***** Dataset content *****

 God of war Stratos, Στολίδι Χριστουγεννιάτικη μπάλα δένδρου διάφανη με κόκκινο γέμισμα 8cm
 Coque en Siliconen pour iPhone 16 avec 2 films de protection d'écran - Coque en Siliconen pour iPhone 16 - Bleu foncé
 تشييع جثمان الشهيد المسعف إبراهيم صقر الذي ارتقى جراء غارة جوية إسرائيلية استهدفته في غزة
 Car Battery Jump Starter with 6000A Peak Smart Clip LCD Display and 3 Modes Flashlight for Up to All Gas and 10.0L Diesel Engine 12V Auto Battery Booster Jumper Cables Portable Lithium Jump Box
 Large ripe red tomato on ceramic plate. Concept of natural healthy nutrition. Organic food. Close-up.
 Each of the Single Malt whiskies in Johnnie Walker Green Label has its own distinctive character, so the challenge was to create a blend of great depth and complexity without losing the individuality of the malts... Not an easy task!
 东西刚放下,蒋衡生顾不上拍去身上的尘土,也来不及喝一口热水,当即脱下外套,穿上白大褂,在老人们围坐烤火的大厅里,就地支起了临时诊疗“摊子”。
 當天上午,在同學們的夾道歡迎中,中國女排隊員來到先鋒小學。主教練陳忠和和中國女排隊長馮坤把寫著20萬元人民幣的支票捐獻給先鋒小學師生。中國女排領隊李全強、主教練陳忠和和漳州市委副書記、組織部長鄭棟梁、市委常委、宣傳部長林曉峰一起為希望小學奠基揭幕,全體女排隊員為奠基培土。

*****
***** Dataset content *****

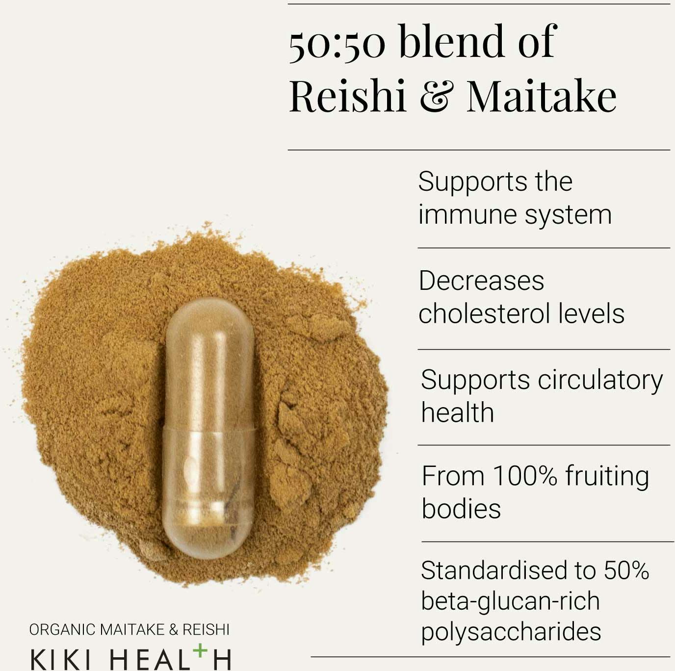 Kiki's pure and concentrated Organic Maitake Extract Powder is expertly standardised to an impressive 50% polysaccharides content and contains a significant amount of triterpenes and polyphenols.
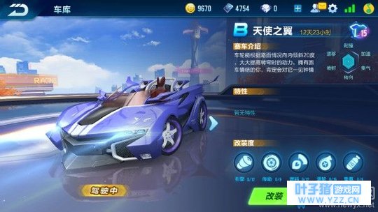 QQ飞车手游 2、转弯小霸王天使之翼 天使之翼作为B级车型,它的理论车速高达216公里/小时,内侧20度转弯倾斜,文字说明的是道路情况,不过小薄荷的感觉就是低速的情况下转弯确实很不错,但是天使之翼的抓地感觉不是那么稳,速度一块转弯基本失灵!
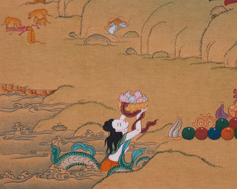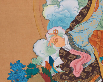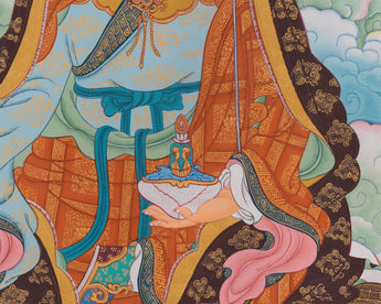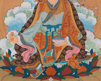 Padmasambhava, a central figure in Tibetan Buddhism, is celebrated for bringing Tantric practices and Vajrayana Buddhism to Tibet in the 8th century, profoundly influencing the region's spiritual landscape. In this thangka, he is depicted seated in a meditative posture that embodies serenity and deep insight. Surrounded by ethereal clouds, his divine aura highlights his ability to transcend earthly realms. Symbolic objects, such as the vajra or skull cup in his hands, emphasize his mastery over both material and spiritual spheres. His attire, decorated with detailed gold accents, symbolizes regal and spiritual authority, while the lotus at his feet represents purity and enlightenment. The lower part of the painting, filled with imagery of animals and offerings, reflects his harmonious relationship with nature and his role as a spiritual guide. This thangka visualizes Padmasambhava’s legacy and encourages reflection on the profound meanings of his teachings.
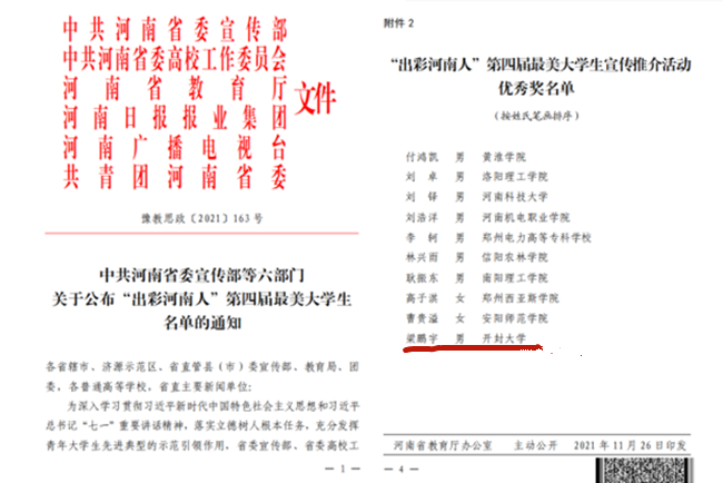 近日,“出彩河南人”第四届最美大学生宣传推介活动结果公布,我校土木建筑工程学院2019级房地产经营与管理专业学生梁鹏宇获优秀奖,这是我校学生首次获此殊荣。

*****
***** Dataset content *****

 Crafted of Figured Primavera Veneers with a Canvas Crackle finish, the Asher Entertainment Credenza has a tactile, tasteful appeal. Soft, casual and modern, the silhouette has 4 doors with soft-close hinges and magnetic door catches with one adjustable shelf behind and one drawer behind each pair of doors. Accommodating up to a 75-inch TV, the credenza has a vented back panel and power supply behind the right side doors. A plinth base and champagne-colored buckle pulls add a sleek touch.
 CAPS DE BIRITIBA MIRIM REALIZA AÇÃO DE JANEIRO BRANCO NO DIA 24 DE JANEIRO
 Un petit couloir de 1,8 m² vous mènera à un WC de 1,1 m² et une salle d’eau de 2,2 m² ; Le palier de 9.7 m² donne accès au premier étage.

*****

Quote the listing above, but only from the line that shows "God of war Stratos, Στολίδι" through the line that shows "當天上午,在同學們的夾道歡迎".

**Exercise solution**:
 God of war Stratos, Στολίδι Χριστουγεννιάτικη μπάλα δένδρου διάφανη με κόκκινο γέμισμα 8cm
 Coque en Siliconen pour iPhone 16 avec 2 films de protection d'écran - Coque en Siliconen pour iPhone 16 - Bleu foncé
 تشييع جثمان الشهيد المسعف إبراهيم صقر الذي ارتقى جراء غارة جوية إسرائيلية استهدفته في غزة
 Car Battery Jump Starter with 6000A Peak Smart Clip LCD Display and 3 Modes Flashlight for Up to All Gas and 10.0L Diesel Engine 12V Auto Battery Booster Jumper Cables Portable Lithium Jump Box
 Large ripe red tomato on ceramic plate. Concept of natural healthy nutrition. Organic food. Close-up.
 Each of the Single Malt whiskies in Johnnie Walker Green Label has its own distinctive character, so the challenge was to create a blend of great depth and complexity without losing the individuality of the malts... Not an easy task!
 东西刚放下,蒋衡生顾不上拍去身上的尘土,也来不及喝一口热水,当即脱下外套,穿上白大褂,在老人们围坐烤火的大厅里,就地支起了临时诊疗“摊子”。
 當天上午,在同學們的夾道歡迎中,中國女排隊員來到先鋒小學。主教練陳忠和和中國女排隊長馮坤把寫著20萬元人民幣的支票捐獻給先鋒小學師生。中國女排領隊李全強、主教練陳忠和和漳州市委副書記、組織部長鄭棟梁、市委常委、宣傳部長林曉峰一起為希望小學奠基揭幕,全體女排隊員為奠基培土。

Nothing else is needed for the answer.